И нигилизм здесь был беззлобен,

И дух естественных наук

(Властей ввергающий в испуг)

Здесь был религии подобен.

Но вот, как иное, своеобразное проявление разрушительных веяний века, в семью «явился незнакомец странный» — талантливый ученый. Его мятущаяся душа не находила никакого действенного выхода в жизни, впадала в «тьму противоречий», временами готова была «сжечь все, чему поклонялся, поклониться всему, что сжигал»:

Он ненавистное — любовью

Искал порою окружить,

Как будто труп хотел налить

Живой, играющею кровью…

Нарушив мир тихого фамильного очага, поработив и измучив своей тяжкой любовью беззаботную дотоле младшую из росших там дочерей, он внес всем этим начало мятежа, отчаянного неприятия мира в семью, глаза которой «в буднях нового движенья немного заплутался».

Даже на склоне лет, когда былой «демон» «книжной крысой настоящей стал», выцвел в «тени огромных крыл» победоносцевской реакции, даже тогда

…может быть, в преданьях темных

Его слепой души, впотьмах

Хранилась память глаз огромных

И крыл, изломанных в горах…

В жалкой фигурке озлобленного старика поэт прозревает подобие врубелевского Демона, этого нового Прометея, которого на этот раз терзает не коршун по воле богов, а беспощадное сожаление, что ему ничего не дано свершить.

Жизнь сына начинается в атмосфере благополучия; «ребенка окружили всеми заботами, всем теплом, которое еще осталось в семье» (III, 462):

И жизни (редкие) уродства

…не нарушали благородства

И строй возвышенный души.

(Из набросков продолжения второй главы)

Но отцовское демоническое «наследство» и «все разрастающиеся события» по-своему, зачастую туманно-мистически, претворялись в его душе, окрашивая ее в трагические топа.

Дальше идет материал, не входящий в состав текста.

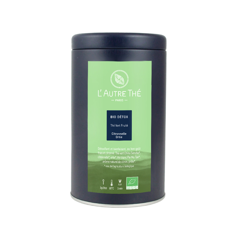 Ses ingrédients sont connus pour leurs propriétés drainantes protectrices et purifiantes : thé vert et thé blanc antioxydants, prêle reminéralisante, ortie dépurative et citronnelle stimulante du système digestif. Boire le thé bio Detox à jeun au réveil vous aidera à éliminer les toxines.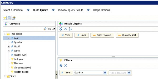 SAP BusinessObjects Dashboards query panel
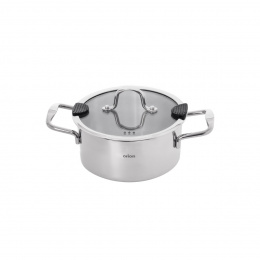 Nerezový kastrol je vybaven skleněnou poklicí s výlevkou, která slouží k bezpečnému a pohodlnému vypouštění vody či cezení. Výlevka zároveň umožňuje únik páry během vaření. Poklice obsahuje silikonové prvky, které usnadňují cezení bez potřeby použití utěrky nebo jiných ochranných pomůcek. Teplotní odolnost poklice i silikonových částí činí až 200 °C, a to vzhledem k použitým materiálům – tepelně odolnému sklu a silikonu. Kastrol je vhodný pro použití na indukci, lze jej mýt v myčce nádobí a je možné jej používat i v troubě. Návod k obsluze je součástí balení. Materiál: nerezová ocel 304, hliník (sendvičové dno) + poklice - sklo, nerez, silikon. Rozměry: o. 1,2 l, pr. 16 cm, v. s poklicí 10 cm, v. 7 cm, š. 24,5 cm.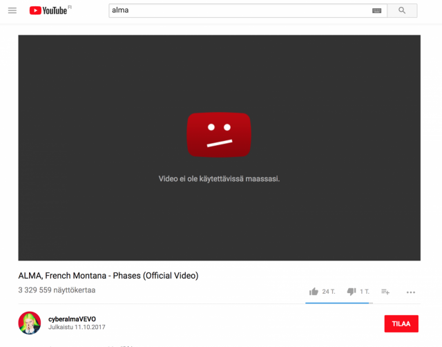 “Tietyistä kappaleista” puhuminen kuulostaa nopean tarkistuksen perusteella vähättelyltä. Tietysti vaikka kaiken suomalaisen musiikin poistaminen on Youtuben kokonaisuudessa pieni juttu, mutta suomalaiseen musakenttään rajoitus näyttää osuvan täysmääräisesti. Poistuneiden listalta löytyy artisteja Almasta Antti Tuiskun kautta Kaija Koohon ja levy-yhtiöitä pienimmistä suurimpiin.

«На фоне каждой семьи, — записывает Блок, размышляя об этой, во многом автобиографической, фигуре, — встают ее мятежные отрасли — укором, тревогой, мятежом. Может быть, они хуже остальных, может быть, они сами осуждены на погибель, они беспокоят и губят своих, по они — правы новизною. Они способствуют выработке человека. Они обыкновенно сами бесплодны. Они последние… Они — едкая соль земли. И они — предвестники лучшего» (III, 464).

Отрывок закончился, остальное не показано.